Мы провожали Солнце на закате и встречали на рассвете. Спали в обнимку на душистой траве, прямо на откосе городской набережной – вблизи от людей, но вне их видимости. Крепко жались друг к другу, согреваясь жаром наших молодых тел. Мы просыпались от пробирающего до костей утреннего холода, умывались речной водой. Проголодавшись, топали в столовку. Нам было невдомек, что гречка – это не второе, а гарнир ко второму. На второе никогда не находилось денег, даже если они и были, и мы раз и навсегда решили, что для нас гречка – это именно второе.

У нас не было ни копейки за душой. У нас вообще ничего не было, кроме нас самих. Нам хватало, мы были счастливы.

Но счастье не бывает вечным. Я не помню, с чего все это началось, все эти проблемы, ругань, черные полосы, но вскоре наша былая счастливая беззаботность лопнула, как мыльный пузырь. Житейские обстоятельства, бабло, бытовуха – все то, от чего мы с Верой так отчаянно открещивались, разом начало давить на нас.

Будучи умеренным оптимистом, я верил в лучшее и делал все возможное, чтобы наш союз пошло не распался под гнетом мирской суеты.

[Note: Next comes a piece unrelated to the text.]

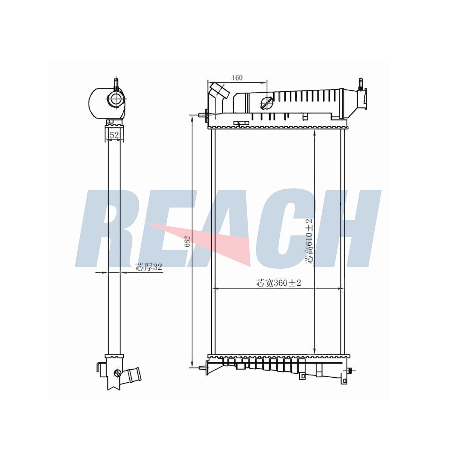 дълбочина на мрежа: 32mmдължина на мрежа: 610mmизпълнение на охладител: механично съединени охлаждащи ламелиматериал на ламелите на радиатора: алуминийматериал на резервоар (охладител): пластмасаширина на мрежа: 360mm

Я убеждал Веру, что мы непременно прорвемся. Вера же предательски впала в хандру и встречала мои слова с неизменным скепсисом, лучше от которого не становилось никому.

Однажды она сказала, что мне пора выкинуть розовые очки. Из ее рассуждений о розовых очках я сделал вывод, что кроме них, пресловутых розовых, существуют еще и серые очки. Их линзы – призмы безнадеги и пессимизма, усталости и неверия, униженности и оскорбленности. Призмы беспросветной бытовухи. Эти невидимые очки на носах у миллионов мрачных и потерянных людей, безнадежных обитателей коммуналок, завсегдатаев «тошниловок». Они принципиально не видят в жизни светлых моментов, предпочитая не просто видеть мрак, но и раздувать его, распространять на остальных.

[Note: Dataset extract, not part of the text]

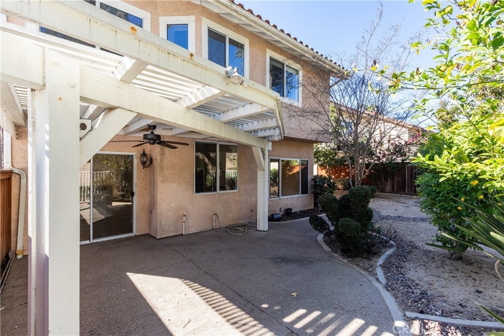 This beautiful Move-in Ready home boasting 2,378 square feet offers 4 Bedrooms plus Office/Loft with a built in desk, a gated courtyard entrance providing privacy and security plus a 3 car garage! Centrally located between Cal Oaks and Nutmeg, the location offers outstanding convenience—close to top-rated schools, a large city park within walking distance, and excellent freeway access for commuting or weekend getaways, all this plus LOW Property Taxes and No HOA. The home immediately impresses with attractive curb appeal, highlighted by premium artificial turf, swaying palm trees, a spacious three-car garage, and a private, gated tropical courtyard. Inside, the popular floor plan features a dual-sided fireplace shared between the formal living and family rooms, creating a warm and inviting atmosphere, some highlights include brand-new carpeting upstairs and wood LVP flooring downstairs. The kitchen offers abundant counter space, ample storage, white cabinets, granite countertops and pleasant views of the backyard, ideal for both daily living and entertaining. Step outside to a private, low-maintenance yard featuring a covered patio and mature trees—perfect for relaxing or hosting gatherings. Upstairs, you’ll find four generously sized bedrooms plus a versatile loft with built-in desk and lighting. The loft was originally offered as an optional fifth bedroom and can be easily converted if desired. The spacious primary suite includes a well-appointed bathroom with dual sinks, a soaking tub, and a separate shower. The three-car garage is thoughtfully equipped with epoxy flooring & extensive cabinetry making it ideal for storage, hobbies, or recreational vehicles. This exceptional home offers comfort, convenience, and value—and is sure to attract strong interest.
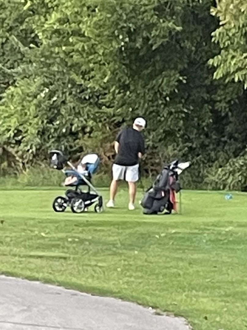 Another big month. All sorts of fun things. First off, I need to share this photo from our Wednesday evening golf outing. I don’t know who this guy is, but he teed off before us that evening. By himself, just going to get in a quick nine. Look at that photo. I didn’t know that Calloway even made a baby stroller! This guy carried his clubs and pushed the baby stroller. Like I said, I don’t know this guy, but I can guarantee his wife knows nothing about this! Or, this is why you don’t ask your brother-in-law to babysit.

Вера стала одной из них. Я сказал это вслух, и она лишь грустно усмехнулась в ответ. Не восприняла мои слова всерьез, твердо уверенная, что на ней-то как раз нет никаких очков. Просто «она встала взрослой и начала смотреть на мир по взрослому». Тогда я подумал, что если бытовуха и уныние – это взрослость, то мне лучше до конца своих дней оставаться подростком.

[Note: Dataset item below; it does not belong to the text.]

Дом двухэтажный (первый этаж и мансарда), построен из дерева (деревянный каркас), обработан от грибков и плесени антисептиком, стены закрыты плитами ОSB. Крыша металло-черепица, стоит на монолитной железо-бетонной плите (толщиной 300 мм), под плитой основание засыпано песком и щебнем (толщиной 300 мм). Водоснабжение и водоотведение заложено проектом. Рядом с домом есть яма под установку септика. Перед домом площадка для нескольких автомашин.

Грязный, заунывно воющий ветрами ноябрь обещал добить наши агонизирующие отношения. Мы проклинали друг друга, на чем свет стоит, цеплялись к недостаткам, придирались к словам. Каждая наша встреча неминуемо заканчивалась ссорой. Трепетная любовь, последние угольки которой догорали в наших сердцах, плавно перерастала в лютую взаимную ненависть.

Мы вновь полаялись, и казалось, что уже напоследок. Промокший до нитки, я шел по лужам, из принципа даже не пытаясь их обходить – было уже без разницы. Все – без разницы. Фразы прощального монолога как назло не хотели выстраиваться во что-то гармоничное, а говорить на прощанье бессвязную белиберду не хотелось совсем. Наши красивые отношения заслуживали красивого финала. Из трубки раздавались длинные гудки. Я услышал ее голос и понял, что совсем не хочу ее терять.

«Извини, я подумал, нам лучше будет разойтись», «знаешь, нам лучше остаться друзьями», «дело не в тебе», «ты заслуживаешь большего»… Что из этих банальностей должен был я сказать? Что-то должен был, наверное. Но сказал совсем другое:

- Поехали в Москву?

С ходу, без приветов, без прелюдий.

Вера усмехнулась через трубку. И просто ответила: «А поехали».

Москва была нашим кодом.

Никто из нас доселе не бывал в столице, и потому она нам обоим представлялась чудо-городом, в котором жизнь кипит во всех ее проявлениях. Мы знали, что в Москве едва ли не каждый вечер дают концерты наши любимые группы. В тусовке ходили легенды, что за пару часов аска в людном переходе можно заработать денег не только на еду, но и на пиво. Мы мечтали осмотреть все московские достопримечательности: погулять по Воробьевым горам и в округе Большого, сходить в Третьяковку, попить пива на Чистых Прудах, сфоткаться на Красной (куда же провинциалам без этого?), побродить по Кремлю, поглазеть на Ленина.

Мы заочно любили Москву. Мы верили, что однажды вместе съездим туда. И мы надеялись, что непременно встретим в Москве правильных людей. По нашим расчетам, они бродили по столице толпами.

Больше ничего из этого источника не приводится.